= William Murray (educationist) =

William Murray (19 April 1912 - 21 September 1995) was a British educationist who created the Ladybird Peter and Jane books.

==Early life==
He was born in County Londonderry.

==Career==
He worked as a teacher. He became a headmaster at two schools in Cheltenham and a County Education Advisor for Devon. He lectured throughout Britain on the teaching of reading.

===Learning to read===
He published a booklet called Key Words to Literacy with the education psychologist Joe McNally from the University of Manchester. The booklet described that they had found that in the English language that children spoke, twelve words accounted for one quarter of all words, one hundred accounted for half, and three hundred accounted for three-quarters.

===Ladybird===
The Key Words Reading Scheme, taking his ideas, was first published in 1964, with Peter and Jane, and went on to sell over 80 million copies of the books in the series.

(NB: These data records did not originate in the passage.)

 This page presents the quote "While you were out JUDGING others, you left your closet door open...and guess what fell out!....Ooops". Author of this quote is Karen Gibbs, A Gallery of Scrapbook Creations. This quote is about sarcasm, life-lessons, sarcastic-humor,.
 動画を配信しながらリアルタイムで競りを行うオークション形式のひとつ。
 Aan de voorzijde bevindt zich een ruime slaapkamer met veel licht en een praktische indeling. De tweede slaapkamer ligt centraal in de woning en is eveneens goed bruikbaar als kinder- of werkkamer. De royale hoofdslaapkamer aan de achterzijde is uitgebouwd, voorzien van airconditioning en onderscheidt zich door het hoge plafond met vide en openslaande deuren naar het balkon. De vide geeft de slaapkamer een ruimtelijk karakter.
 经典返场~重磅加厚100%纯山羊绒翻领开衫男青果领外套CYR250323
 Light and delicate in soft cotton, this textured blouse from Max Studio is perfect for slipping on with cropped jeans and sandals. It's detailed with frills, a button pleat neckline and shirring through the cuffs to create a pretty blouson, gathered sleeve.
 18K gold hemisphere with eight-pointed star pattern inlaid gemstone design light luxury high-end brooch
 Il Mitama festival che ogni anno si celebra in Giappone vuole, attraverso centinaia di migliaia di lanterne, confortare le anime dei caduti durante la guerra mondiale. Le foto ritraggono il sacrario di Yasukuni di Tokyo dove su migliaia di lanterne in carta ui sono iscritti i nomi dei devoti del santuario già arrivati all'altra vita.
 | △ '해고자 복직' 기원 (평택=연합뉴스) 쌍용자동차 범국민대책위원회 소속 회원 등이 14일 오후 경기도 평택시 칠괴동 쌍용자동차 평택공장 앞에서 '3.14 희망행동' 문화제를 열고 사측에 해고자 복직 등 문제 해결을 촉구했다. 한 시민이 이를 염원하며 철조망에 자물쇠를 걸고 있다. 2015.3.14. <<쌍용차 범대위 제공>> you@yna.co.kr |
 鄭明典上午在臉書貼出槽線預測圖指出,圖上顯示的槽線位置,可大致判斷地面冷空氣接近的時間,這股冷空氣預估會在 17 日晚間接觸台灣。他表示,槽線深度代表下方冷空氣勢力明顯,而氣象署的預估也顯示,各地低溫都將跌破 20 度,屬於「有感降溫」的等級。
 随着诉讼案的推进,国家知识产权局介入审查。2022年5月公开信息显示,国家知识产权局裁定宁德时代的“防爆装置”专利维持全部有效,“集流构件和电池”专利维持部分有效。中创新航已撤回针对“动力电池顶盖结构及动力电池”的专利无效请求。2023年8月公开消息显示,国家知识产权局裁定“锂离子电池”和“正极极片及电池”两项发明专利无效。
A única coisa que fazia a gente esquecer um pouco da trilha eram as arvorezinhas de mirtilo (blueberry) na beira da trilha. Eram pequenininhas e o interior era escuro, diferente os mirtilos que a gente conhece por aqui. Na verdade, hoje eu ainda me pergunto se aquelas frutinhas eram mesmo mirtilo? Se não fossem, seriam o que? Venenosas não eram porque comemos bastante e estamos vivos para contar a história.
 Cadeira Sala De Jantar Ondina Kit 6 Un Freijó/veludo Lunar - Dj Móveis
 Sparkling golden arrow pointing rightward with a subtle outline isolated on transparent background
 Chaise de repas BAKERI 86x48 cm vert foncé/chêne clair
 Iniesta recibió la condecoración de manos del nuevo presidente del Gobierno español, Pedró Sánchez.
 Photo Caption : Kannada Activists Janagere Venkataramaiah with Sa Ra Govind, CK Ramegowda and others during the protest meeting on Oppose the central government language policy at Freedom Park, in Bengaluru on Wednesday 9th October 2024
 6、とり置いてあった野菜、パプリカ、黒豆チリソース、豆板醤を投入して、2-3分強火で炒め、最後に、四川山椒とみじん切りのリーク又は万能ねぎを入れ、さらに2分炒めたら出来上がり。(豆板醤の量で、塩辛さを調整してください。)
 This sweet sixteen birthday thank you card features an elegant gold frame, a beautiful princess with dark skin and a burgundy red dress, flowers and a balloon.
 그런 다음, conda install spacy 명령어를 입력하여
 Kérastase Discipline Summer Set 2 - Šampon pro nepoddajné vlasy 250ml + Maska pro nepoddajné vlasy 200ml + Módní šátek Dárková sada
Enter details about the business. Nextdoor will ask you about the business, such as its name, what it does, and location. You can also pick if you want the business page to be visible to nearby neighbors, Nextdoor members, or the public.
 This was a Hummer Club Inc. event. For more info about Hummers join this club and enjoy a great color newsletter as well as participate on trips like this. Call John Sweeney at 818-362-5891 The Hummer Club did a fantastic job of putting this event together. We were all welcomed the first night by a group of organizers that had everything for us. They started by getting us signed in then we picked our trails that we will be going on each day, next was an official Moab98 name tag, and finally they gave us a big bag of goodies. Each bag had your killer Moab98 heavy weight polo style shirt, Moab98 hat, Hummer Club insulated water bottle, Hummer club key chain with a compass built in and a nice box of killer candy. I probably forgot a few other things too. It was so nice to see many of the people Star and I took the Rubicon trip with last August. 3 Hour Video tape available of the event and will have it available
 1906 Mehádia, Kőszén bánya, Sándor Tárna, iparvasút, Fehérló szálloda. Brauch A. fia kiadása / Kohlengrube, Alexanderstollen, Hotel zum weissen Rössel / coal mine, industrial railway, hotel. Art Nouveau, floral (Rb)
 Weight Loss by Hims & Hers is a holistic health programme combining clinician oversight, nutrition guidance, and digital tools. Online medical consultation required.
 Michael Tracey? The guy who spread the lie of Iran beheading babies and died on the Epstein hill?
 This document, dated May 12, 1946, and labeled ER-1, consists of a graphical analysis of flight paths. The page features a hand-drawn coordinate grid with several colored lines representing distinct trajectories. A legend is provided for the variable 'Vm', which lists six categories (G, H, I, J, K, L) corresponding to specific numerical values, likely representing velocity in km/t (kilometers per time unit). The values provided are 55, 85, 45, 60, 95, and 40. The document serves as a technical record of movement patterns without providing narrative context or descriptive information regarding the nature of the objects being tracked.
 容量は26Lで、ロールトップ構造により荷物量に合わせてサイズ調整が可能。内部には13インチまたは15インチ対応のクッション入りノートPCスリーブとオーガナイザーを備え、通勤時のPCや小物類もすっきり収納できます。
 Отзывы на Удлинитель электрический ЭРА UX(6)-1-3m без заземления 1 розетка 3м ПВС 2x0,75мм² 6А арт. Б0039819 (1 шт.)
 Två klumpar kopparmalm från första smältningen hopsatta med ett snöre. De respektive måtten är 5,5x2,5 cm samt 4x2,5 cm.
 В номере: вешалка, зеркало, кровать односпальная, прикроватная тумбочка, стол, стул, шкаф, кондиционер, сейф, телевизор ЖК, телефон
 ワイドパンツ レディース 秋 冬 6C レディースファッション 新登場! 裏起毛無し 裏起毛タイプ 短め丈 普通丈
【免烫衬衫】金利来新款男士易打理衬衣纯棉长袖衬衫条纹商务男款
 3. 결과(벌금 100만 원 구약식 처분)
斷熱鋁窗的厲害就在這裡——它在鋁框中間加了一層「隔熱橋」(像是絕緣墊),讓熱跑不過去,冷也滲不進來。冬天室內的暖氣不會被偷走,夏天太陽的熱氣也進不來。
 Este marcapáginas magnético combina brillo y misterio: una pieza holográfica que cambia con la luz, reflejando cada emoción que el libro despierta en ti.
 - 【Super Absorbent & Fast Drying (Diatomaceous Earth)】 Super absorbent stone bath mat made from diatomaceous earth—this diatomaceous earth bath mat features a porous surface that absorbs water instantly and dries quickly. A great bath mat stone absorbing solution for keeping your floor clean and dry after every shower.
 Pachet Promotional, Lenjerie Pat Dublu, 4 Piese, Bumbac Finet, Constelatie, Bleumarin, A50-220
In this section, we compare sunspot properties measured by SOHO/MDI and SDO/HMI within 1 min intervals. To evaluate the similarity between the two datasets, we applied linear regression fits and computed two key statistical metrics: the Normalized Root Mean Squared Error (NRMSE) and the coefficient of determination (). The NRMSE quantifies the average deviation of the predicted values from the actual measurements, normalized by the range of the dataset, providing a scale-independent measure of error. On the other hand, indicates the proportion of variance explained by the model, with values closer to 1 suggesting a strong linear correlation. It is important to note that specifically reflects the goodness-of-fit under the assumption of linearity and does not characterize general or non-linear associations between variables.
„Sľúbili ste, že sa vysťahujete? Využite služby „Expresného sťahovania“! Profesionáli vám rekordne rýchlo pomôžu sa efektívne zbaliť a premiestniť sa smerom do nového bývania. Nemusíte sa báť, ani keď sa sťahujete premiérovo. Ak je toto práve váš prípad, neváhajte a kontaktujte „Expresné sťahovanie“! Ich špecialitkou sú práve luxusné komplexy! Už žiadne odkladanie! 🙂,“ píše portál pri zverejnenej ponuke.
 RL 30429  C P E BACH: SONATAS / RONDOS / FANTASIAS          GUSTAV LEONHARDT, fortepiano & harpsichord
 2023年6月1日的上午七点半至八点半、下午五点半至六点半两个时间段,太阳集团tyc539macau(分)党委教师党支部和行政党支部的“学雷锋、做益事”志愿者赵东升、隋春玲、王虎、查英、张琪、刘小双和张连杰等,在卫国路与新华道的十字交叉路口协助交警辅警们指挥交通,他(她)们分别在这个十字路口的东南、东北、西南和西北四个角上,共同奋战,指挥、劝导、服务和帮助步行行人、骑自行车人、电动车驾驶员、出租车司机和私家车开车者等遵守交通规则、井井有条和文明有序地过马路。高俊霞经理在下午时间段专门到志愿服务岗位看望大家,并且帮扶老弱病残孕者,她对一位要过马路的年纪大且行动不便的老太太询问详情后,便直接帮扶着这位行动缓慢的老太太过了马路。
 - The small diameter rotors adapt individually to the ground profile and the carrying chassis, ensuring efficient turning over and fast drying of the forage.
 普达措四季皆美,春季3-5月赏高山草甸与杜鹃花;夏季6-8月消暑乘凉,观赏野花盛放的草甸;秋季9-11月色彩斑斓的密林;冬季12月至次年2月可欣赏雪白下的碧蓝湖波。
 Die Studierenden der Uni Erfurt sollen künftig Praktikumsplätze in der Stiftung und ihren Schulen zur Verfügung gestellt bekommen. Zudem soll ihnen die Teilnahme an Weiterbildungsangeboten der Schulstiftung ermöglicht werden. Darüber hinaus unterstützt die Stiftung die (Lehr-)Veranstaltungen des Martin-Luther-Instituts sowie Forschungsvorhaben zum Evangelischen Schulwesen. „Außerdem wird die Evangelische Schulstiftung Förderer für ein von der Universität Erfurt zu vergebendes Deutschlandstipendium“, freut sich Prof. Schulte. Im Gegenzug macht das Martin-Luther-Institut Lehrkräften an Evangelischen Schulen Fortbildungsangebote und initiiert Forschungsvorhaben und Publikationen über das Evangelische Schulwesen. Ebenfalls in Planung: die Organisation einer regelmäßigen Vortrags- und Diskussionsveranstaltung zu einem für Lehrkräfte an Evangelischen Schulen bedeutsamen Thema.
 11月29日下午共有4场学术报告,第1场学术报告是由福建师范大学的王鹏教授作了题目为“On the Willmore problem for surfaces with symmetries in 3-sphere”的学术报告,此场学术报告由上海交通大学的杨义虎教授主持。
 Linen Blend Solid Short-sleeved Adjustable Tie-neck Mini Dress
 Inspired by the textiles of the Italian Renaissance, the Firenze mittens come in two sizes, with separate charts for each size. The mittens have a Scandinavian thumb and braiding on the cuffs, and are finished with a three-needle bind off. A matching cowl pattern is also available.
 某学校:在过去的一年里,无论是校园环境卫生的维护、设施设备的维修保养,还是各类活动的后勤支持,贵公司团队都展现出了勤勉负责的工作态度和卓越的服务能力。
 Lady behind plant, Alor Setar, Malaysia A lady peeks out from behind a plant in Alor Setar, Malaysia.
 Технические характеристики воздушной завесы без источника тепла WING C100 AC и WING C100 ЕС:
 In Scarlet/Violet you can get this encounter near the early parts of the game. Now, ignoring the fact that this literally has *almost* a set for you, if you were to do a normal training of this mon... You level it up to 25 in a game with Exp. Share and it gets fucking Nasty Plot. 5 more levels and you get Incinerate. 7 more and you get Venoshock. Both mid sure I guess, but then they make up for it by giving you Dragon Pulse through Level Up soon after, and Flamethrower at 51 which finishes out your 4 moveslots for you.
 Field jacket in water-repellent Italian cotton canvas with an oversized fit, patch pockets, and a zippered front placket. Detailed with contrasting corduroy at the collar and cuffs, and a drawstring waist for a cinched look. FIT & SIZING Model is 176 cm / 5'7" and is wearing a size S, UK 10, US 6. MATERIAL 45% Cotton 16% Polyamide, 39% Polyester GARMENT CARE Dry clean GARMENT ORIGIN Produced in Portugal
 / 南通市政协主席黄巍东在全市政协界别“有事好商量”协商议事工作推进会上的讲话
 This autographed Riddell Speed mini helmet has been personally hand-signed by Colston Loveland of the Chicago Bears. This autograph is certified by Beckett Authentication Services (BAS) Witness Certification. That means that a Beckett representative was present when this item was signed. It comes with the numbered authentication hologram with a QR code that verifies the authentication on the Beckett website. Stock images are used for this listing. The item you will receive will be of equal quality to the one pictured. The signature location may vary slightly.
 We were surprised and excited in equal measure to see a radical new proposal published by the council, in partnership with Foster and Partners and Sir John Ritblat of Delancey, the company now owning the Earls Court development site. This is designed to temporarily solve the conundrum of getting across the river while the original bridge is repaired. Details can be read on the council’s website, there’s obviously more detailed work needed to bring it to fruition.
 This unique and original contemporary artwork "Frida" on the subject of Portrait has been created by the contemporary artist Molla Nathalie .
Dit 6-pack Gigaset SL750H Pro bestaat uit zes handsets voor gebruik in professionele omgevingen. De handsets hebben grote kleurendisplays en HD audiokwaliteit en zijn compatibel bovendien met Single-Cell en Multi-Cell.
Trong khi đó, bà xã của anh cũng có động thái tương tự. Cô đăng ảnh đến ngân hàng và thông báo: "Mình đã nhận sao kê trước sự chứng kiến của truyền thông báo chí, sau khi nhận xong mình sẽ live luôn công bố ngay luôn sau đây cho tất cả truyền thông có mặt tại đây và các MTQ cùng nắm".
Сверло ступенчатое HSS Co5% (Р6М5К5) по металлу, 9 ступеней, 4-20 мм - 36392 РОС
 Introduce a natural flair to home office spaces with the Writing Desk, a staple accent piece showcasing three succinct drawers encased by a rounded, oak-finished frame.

Peter and Jane were based on the real-life children (Jill Ashurst and Christopher Edwards) of a neighbour of the books' illustrator Harry Wingfield. Martin Aitchison and John Berry also illustrated the books.

He retired from teaching in 1970.

==Personal life==
He married Edith and they had a son, who went on to be a teacher and headmaster, and daughter. He died in Cheltenham at the age of 83. He lived on Leckhampton Road in Cheltenham.